Shore, who confessed to killing the 21-year-old woman, two teenage girls and a 9-year-old girl, is known in Houston as the “Tourniquet Killer” because his victims were tortured and strangled with handmade tourniquets.

The slayings connected to Shore went unsolved for years until DNA evidence linked him to the sexual assault of two relatives who were juveniles. He subsequently confessed to the killings and was convicted in 2004 in the slaying of 21-year-old Maria del Carmen Estrada. Her body was found in 1992 in the drive-thru lane of a Dairy Queen.

Shore’s lawyer, Knox Nunnally, had hoped his client’s death sentence could be reduced to life in prison. He has said Shore suffered from traumatic brain injury.

Nunnally didn’t immediately respond to a call for comment on the Supreme Court ruling.

The justices on Monday also refused the appeals of three other Texas death row inmates: Kwame Rockwell of Fort Worth; Jaime Cole, from Ecuador and convicted in Houston; and Garcia White of Houston. None of them has an execution date.

Rockwell, 41, received a death sentence for the 2010 killing of 22-year-old Fort Worth convenience store clerk Daniel Rojas during a robbery.

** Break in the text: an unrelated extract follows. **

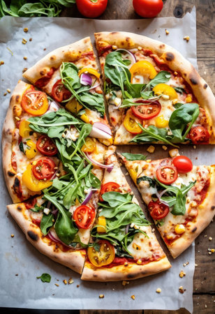 A gourmet vegetable pizza with cherry tomatoes and arugula on a wooden table

A bread deliveryman also was killed in the holdup.

Cole, 47, was sent to death row for the fatal 2010 shootings of his estranged wife, Melissa Cole, 31, and her 15-year-old daughter, Alecia Castillo, at their apartment in Houston.

White, 54, was convicted in the fatal stabbings of twin 16-year-old sisters, Annette and Bernette Edwards, in 1989 in Houston. He was charged but not tried for killing their mother, and was linked to two other slayings.